Yes. Though in practice you wouldn't want to generate that specific table for 1000 flips. It's far too big.

eru · on March 16, 2022

More efficient in how many flips you consume to produce an unbiased bit.

Less efficient in terms of runtime (if you implement it as naively as I have described here).

Someone · on March 16, 2022

> Produce a table of all possible sequences of length 1,000 with k heads and 1,000-k tails. > Look up the position of your actual realized sequence in that table. The index of that position is a uniform random integer in a range from 1 to the size of the table.

I don’t see why it would be. The normal way to produce such a table is as hhh…hh, hhh…ht, hhh…th, … ttt…ht, ttt…th, ttt…tt. If heads is more likely than tails, the index is more likely to be in the lower half than the upper half.

Reading https://blog.cloudflare.com/ensuring-randomness-with-linuxs-..., I also don’t think that’s how Linux’ entropy pool works.

okintheory · on March 16, 2022

The parent comment was saying that when you fix the number of heads to be k in advance, the set of head positions you get is random. That sounds correct.

eru · on March 16, 2022

> Reading https://blog.cloudflare.com/ensuring-randomness-with-linuxs-..., I also don’t think that’s how Linux’ entropy pool works.

Where does the description in that article differ materially from what I described in the parenthetical remark?

(Of course, it does differ from what I described in the main text of the comment.)

j7ake · on March 16, 2022

Cool idea! I wonder what you mean concretely by “extract unbiased bits from unbiased integer”?

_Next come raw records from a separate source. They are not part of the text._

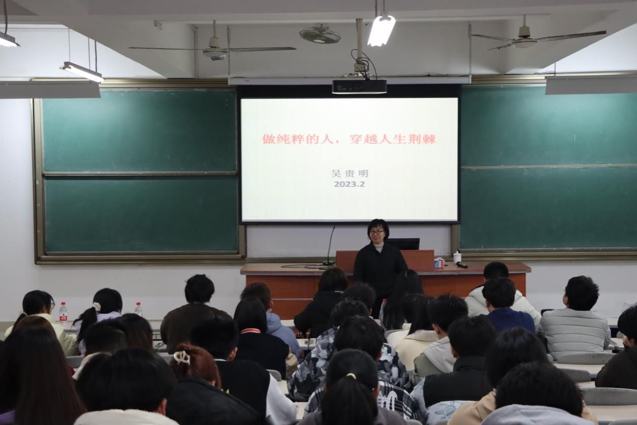 2月22日晚上,福建省委党校吴贵明教授应邀到公司作“做纯粹的人,穿越人生荆棘”专题讲座。全球最大顶级体育平台部分教师、校习近平新时代中国特色社会主义思想读书社社员等共120多人参加学习。
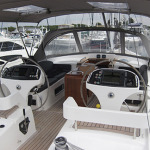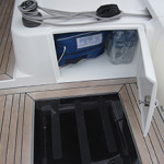 Since the boat carries its beam well aft, the after deck is very wide and home to a huge lazarrette. The cockpit has twin wheels with Lewmar Mamba steering that drives the semi-balanced, twin spade rudders. Each wheel was fitted with a 12-inch B&G Zeus multi-function display so you can navigate and sail to your best polars from both sides of the boat. The cockpit has a huge folding teak table finished with a flawless varnish job. Six can dine at the table comfortably. With all lines led aft to the helms, the cockpit remains uncluttered as you are sailing. The cabin hatch lowers into a cavity behind the companionway stairs and can be rigged at fully open, half open when at sea and fully closed.
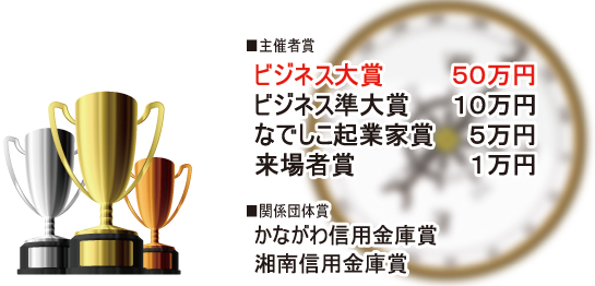 | ※主催者賞のうち、「ビジネス大賞」「ビジネス準大賞」「なでしこ起業家賞」は、審査員が選出いたします。 ※関係団体賞は、各金融機関が選出いたします。 ※主催者賞、関係団体賞それぞれ該当者無しの場合もあります。 ※ビジネス準大賞は複数本に分割する場合があります。 ※なでしこ起業家賞は他賞との重複もあります。 ※関係団体賞は他賞と重複することもあります。 ※関係団体賞の副賞は、各金融機関に一任しております。 |

Let’s say my experiment results in an index of 42, how do you convert that integer into information about a string of unbiased coin flips?

steerablesafe · on March 16, 2022

Arithmetic coding.

https://en.wikipedia.org/wiki/Arithmetic_coding

eru · on March 16, 2022

Arithmetic coding is the industrial strength way to do this, yes!

However, you can do much simpler and still be pretty efficient (and unbiased).

Suppose your range was numbers between 1 to 49 (inclusive).

If you get a number between 1 to 32, you interpret that as 5 bits. If you got a number between 33 to 48, you interpret that as 4 bits (because you have 16 == 2^4 possibilities between 33 to 48). If you hit 49, you just drop everything and sample again.

So if you got 42, like j7ake suggested, that would be 42 - 32 = 10 = 0b1010.

You can generalize this scheme to other numbers of possibilities.